Delapan provinsi tersebut yakni Jawa Barat, Jawa Tengah, Yogyakarta, Jawa Timur, Banten, Sumatera Barat, Bali, dan Nusa Tenggara Barat. Dengan menjadi LP2B, nantinya alih fungsi lahan sawah harus berdasarkan kepentingan bencana alam dan infrastruktur publik.
Jika alih fungsi tetap dilakukan, hal tersebut harus berdasarkan persetujuan dari Menteri Agraria dan Tata Ruang/Badan Pertanahan Nasional (ATR/BPN). "Bukan tidak boleh diubah, tetapi lebih teratur. Ada ukuran-ukurannya sawah dikorbankan demi kepentingan ke depan," kata Budi di kantor Kementerian ATR/BPN di Jakarta, Senin (9/4).

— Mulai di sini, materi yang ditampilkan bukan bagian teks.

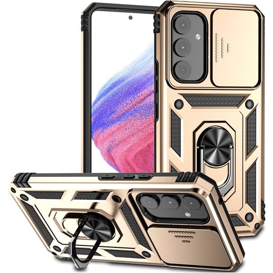 Bescherm je Samsung Galaxy A54 tegen ongelukken en schade bij valpartijen. De Mobigear Armor Ring Cam Slide backcover biedt hoge valbescherming, en is speciaal ontworpen om schokken en stoten op te vangen. Daardoor vertrouw je erop dat je Samsung Galaxy A54 veilig blijft. De stevige constructie en schokabsorberende materialen bieden uitstekende bescherming bij het dagelijks gebruik.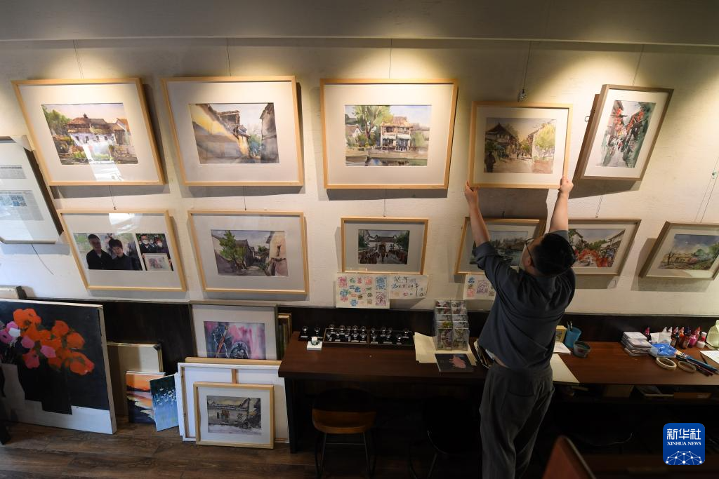 6月12日,杭州小河直街歷史文化街區,青年畫家張甜甜在工作室懸掛自己創作的運河主題的水彩畫。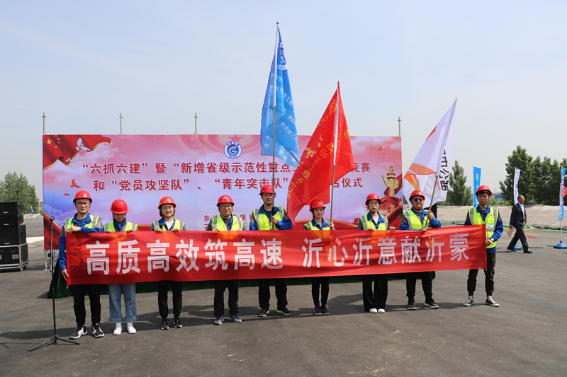 為落實(shí)全省“擔(dān)當(dāng)作為、狠抓落實(shí)”動(dòng)員大會(huì)精神,推動(dòng)“當(dāng)好主力軍、聚力新動(dòng)能、建功新時(shí)代”勞動(dòng)競(jìng)賽暨新增省級(jí)示范性重點(diǎn)工程勞動(dòng)競(jìng)賽深入開(kāi)展,激勵(lì)廣大黨員和團(tuán)員青年在工作中充分發(fā)揮生力軍和突擊隊(duì)作用,加快推進(jìn)工程建設(shè),5月7日,京滬臨沂項(xiàng)目辦在六標(biāo)棗園互通施工現(xiàn)場(chǎng)舉行 “六抓六建"暨新增省級(jí)示范性重點(diǎn)工程勞動(dòng)競(jìng)賽和“黨員攻堅(jiān)隊(duì)”“青年突擊隊(duì)”授旗簽名活動(dòng)。

(Baca juga: JK Kritik Mentan Terkait Pelibatan TNI dalam Sistem Cetak Sawah)
Pemerintah daerah juga nantinya diminta mempercepat pengintegrasian lahan sawah berkelanjutan ke dalam Rencana Tata Ruang Wilayah (RTRW). Pemerintah daerah pun diminta memberikan insentif terhadap lahan sawah yang telah ditetapkan sebagai LP2B.
Selain Perpres, pemerintah pun segera memperbaharui data LP2B per kabupaten/kota serta perhitungan alih fungsi lahan sawah menjadi non pertanian.
Budi menjelaskan pencegahan alih fungsi sawah ini mendesak karena setiap tahunnya lahan sawah di Indonesia berkurang 150 ribu hingga 200 ribu hektar. Alih fungsi lahan sawah tersebut paling banyak terjadi di wilayah Jawa dan kota-kota besar.
Berdasarkan data Kementerian Agraria dan Tata Ruang/Badan Pertanahan Nasional (ATR/BPN), pada 2013, lahan sawah di Jawa mencapai 3,675 juta hektar atau hampir setengahnya dari total sawah di Indonesia sebesar 7,750 juta hektar.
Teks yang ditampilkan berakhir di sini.